7. Conventional methods for treating large bowel obstruction in Western medicine

  Intestinal obstruction is one of the most common acute abdominal emergencies in surgery. According to existing data statistics, the mortality rate of intestinal obstruction can rise to 10% to 20%, which should be paid attention to. During the treatment process, traditional Chinese medicine recommends four treatment methods, as follows:

  One, blood stasis and qi stagnation

  Persistent abdominal pain, severe bloating, or fixed pain, pain is resistant to palpation, vomiting, constipation, purple and dark tongue quality, white fur, wiry and fine pulse.

  Treatment: Activate blood circulation and remove blood stasis, promote qi flow and relieve pain.

  Prescription: 10 grams of Xiaohuixiang, 5 grams of Xuejie, 10 grams of Yanhusuo, 6 grams of Moyao, 10 grams of Danggui, 10 grams of Chuanxiong, 6 grams of Guanui, 10 grams of Chishao, 10 grams of raw Puhuang, 6 grams of Wulingzi, 10 grams of Muxiang, 10 grams of Xiangfu.

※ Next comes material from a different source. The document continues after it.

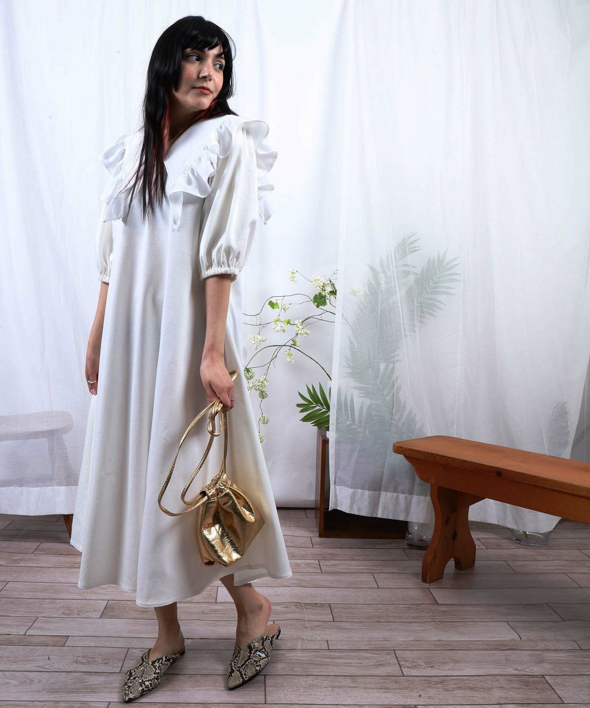 ★フリルカラーAラインワンピース

  Two, heat mass in the bowels

  Sudden abdominal pain, severe and resistant to palpation, intestinal sounds, vomiting food, dry mouth and bitter taste, constipation, yellow greasy fur, surging or slippery and rapid pulse.

  Treatment: Relieve heat and dredge the bowels, eliminate mass retention.

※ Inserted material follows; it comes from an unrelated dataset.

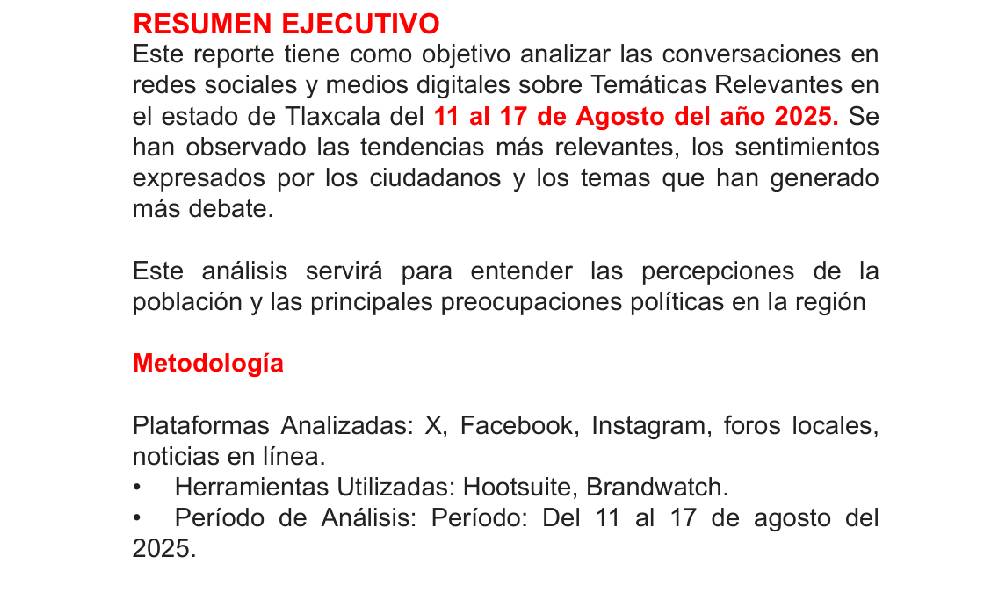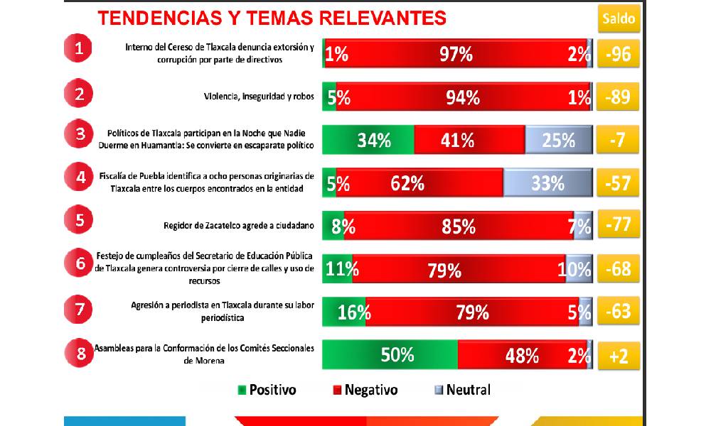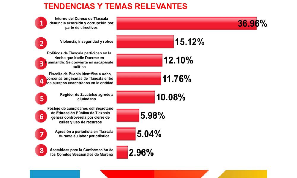 El más reciente Reporte de Escucha Digital de Impulso Mercadológico (11 al 17 de agosto de 2025) confirma que la violencia, inseguridad y robos se mantienen como uno de los principales temas de preocupación ciudadana en Tlaxcala. Representaron el 15.12% de la conversación digital, ubicándose como el segundo tema más relevante, solo detrás del escándalo de los Ceresos.

  Prescription: 10 grams of raw Dahuang, 10 grams of Zhishi, 10 grams of Mangxiao, 10 grams of Houpu.

  Three, direct attack of cold evil

  Sudden severe abdominal绞痛, palpable mass, pain is resistant to palpation, aversion to cold, pale and cold complexion, pale and dark tongue quality, white and slippery fur, deep and tense pulse.

  Treatment: Warm the middle and disperse cold, relieve urgency and pain.

  Prescription: 10 grams of raw Dahuang, 10 grams of Shufu, 3 grams of Xixin, 10 grams of Zhishi, 10 grams of Houpu, 20 grams of Mangxiao.

  Four, mass obstruction

  Abdominal pain occurs intermittently, with yellowish skin and emaciation, or white worm spots on the face, sudden severe abdominal pain, pain around the navel, palpable mass, vomiting food or clear fluid, white fur, wiry pulse.

  Treatment: Expel worms and eliminate mass.

  Prescription: 6 grams of Leiyao, 10 grams of Kulinpi, 10 grams of Heixiu, 10 grams of Binglang, 10 grams of Zaojiao, 12 grams of Muxiang, 10 grams of Dafupi, 5 grams of Chujiang, 10 grams of Huanglian.